→ **About this exercise**
Images are to be dropped, and the rest of the data reproduced exactly.

→ **Material to process**
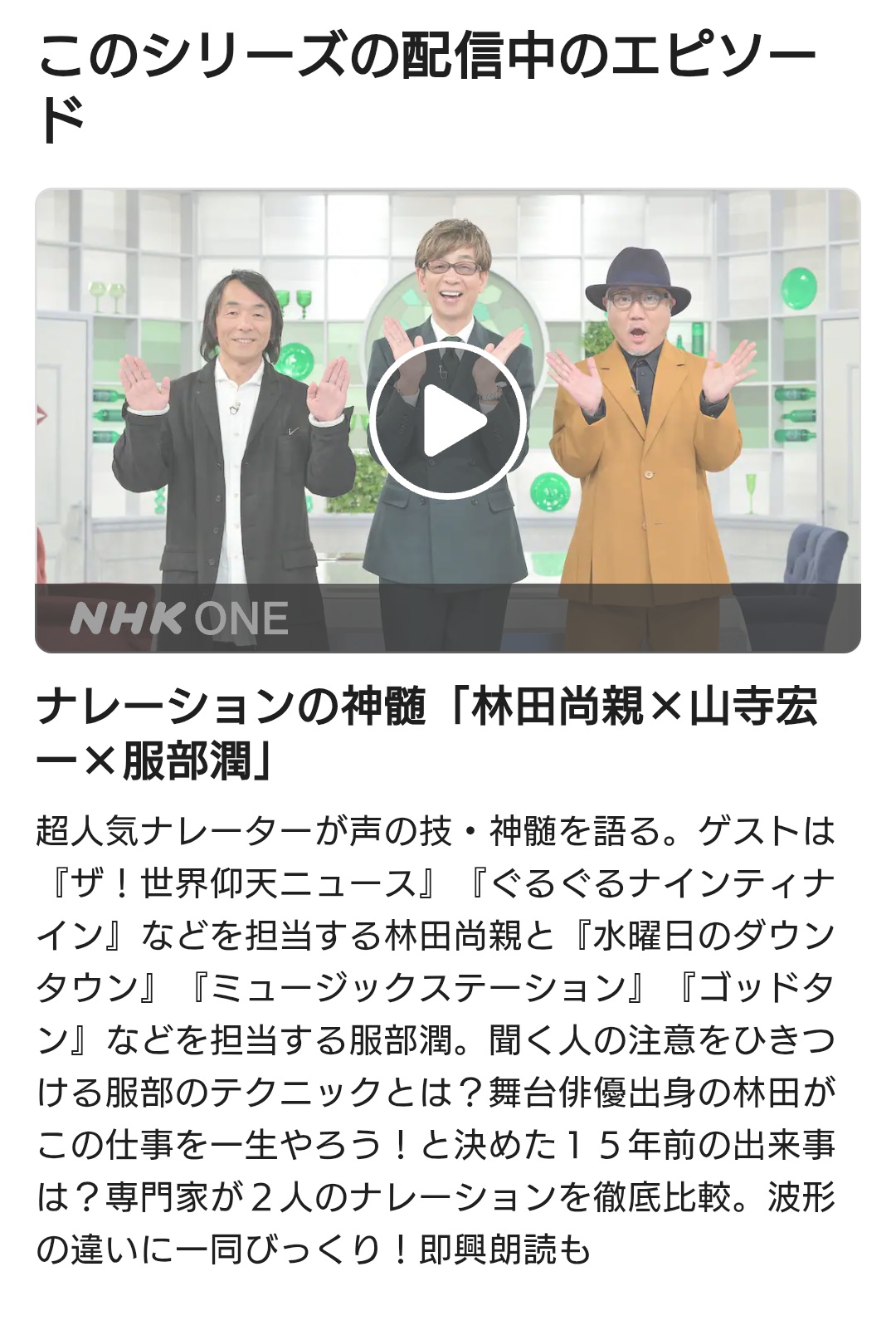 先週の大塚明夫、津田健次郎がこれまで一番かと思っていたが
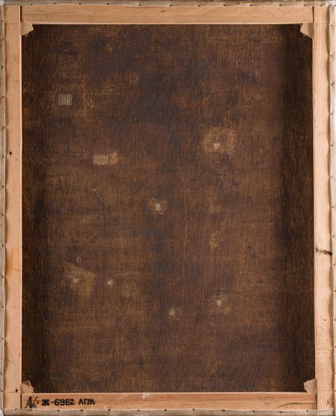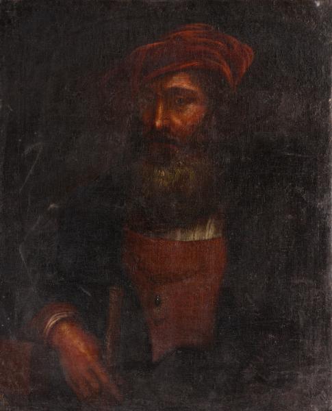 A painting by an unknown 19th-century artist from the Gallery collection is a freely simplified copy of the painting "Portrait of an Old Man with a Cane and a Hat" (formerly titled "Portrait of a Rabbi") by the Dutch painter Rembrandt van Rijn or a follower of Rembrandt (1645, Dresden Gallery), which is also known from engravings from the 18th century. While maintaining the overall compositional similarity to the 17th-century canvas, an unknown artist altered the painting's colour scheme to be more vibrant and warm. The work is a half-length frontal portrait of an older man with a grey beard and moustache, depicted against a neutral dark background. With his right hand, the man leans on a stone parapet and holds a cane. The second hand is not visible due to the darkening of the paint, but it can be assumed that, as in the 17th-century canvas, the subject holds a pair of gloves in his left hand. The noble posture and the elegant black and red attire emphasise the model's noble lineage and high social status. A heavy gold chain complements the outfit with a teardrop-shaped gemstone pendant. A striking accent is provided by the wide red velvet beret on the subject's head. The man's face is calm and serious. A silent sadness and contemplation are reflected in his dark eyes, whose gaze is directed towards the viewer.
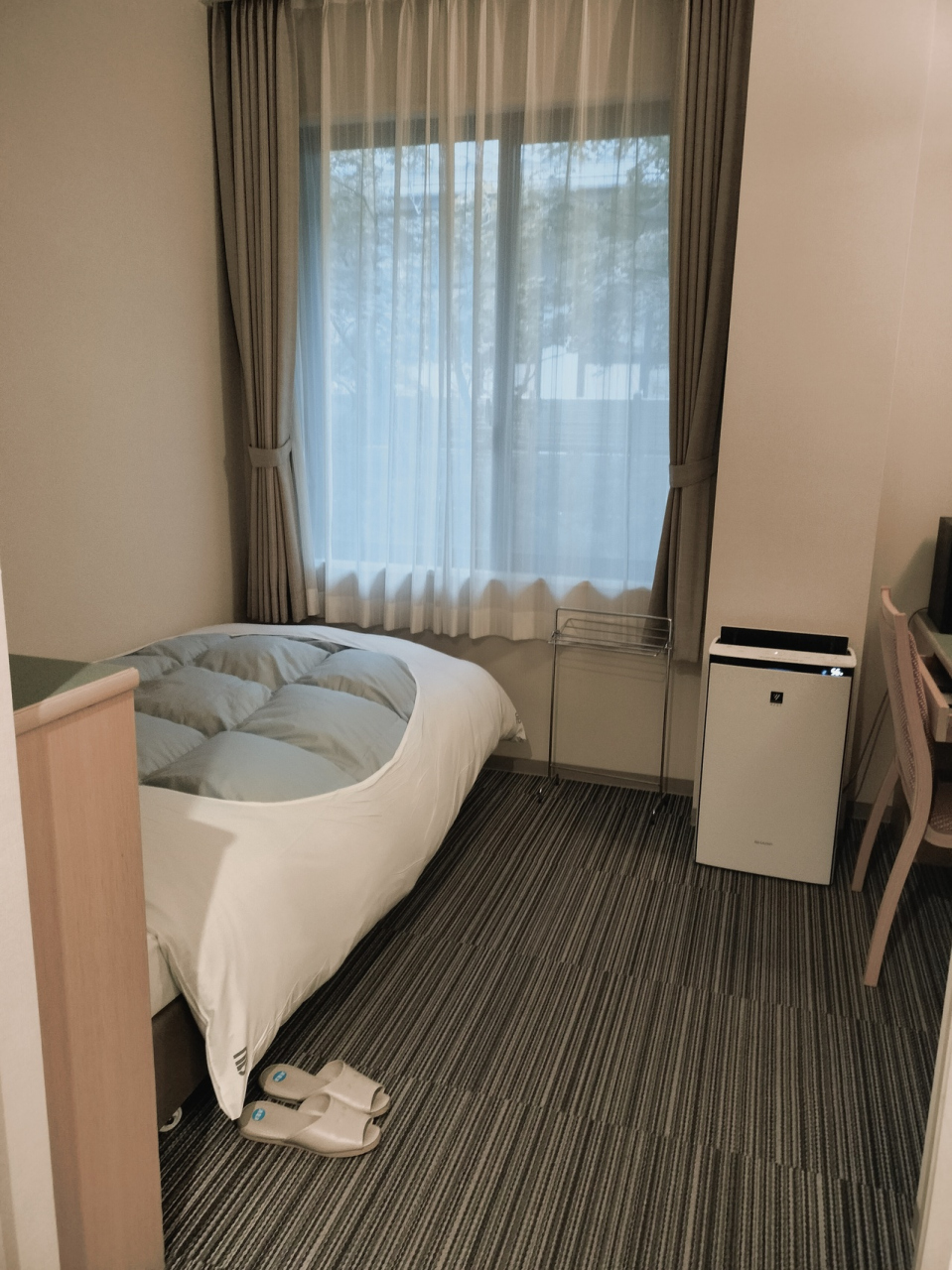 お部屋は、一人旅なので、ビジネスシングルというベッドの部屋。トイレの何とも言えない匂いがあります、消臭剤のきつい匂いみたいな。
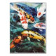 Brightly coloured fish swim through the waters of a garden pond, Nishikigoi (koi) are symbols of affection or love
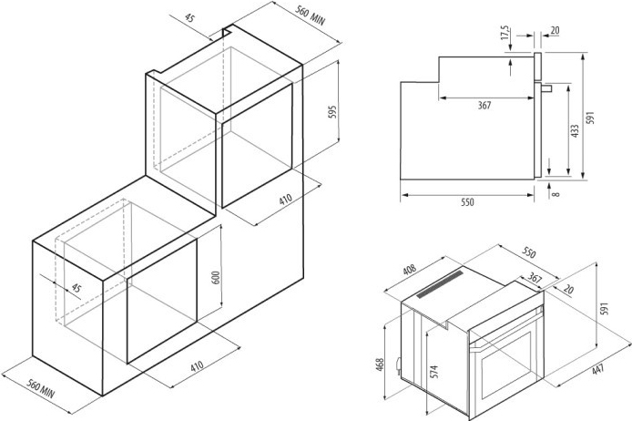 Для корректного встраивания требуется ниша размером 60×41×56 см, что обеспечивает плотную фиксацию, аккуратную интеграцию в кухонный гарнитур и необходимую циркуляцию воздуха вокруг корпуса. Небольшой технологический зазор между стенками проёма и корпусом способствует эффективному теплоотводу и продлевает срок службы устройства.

→ **Response to the task**
 先週の大塚明夫、津田健次郎がこれまで一番かと思っていたが
 A painting by an unknown 19th-century artist from the Gallery collection is a freely simplified copy of the painting "Portrait of an Old Man with a Cane and a Hat" (formerly titled "Portrait of a Rabbi") by the Dutch painter Rembrandt van Rijn or a follower of Rembrandt (1645, Dresden Gallery), which is also known from engravings from the 18th century. While maintaining the overall compositional similarity to the 17th-century canvas, an unknown artist altered the painting's colour scheme to be more vibrant and warm. The work is a half-length frontal portrait of an older man with a grey beard and moustache, depicted against a neutral dark background. With his right hand, the man leans on a stone parapet and holds a cane. The second hand is not visible due to the darkening of the paint, but it can be assumed that, as in the 17th-century canvas, the subject holds a pair of gloves in his left hand. The noble posture and the elegant black and red attire emphasise the model's noble lineage and high social status. A heavy gold chain complements the outfit with a teardrop-shaped gemstone pendant. A striking accent is provided by the wide red velvet beret on the subject's head. The man's face is calm and serious. A silent sadness and contemplation are reflected in his dark eyes, whose gaze is directed towards the viewer.
 お部屋は、一人旅なので、ビジネスシングルというベッドの部屋。トイレの何とも言えない匂いがあります、消臭剤のきつい匂いみたいな。
 Brightly coloured fish swim through the waters of a garden pond, Nishikigoi (koi) are symbols of affection or love
 Для корректного встраивания требуется ниша размером 60×41×56 см, что обеспечивает плотную фиксацию, аккуратную интеграцию в кухонный гарнитур и необходимую циркуляцию воздуха вокруг корпуса. Небольшой технологический зазор между стенками проёма и корпусом способствует эффективному теплоотводу и продлевает срок службы устройства.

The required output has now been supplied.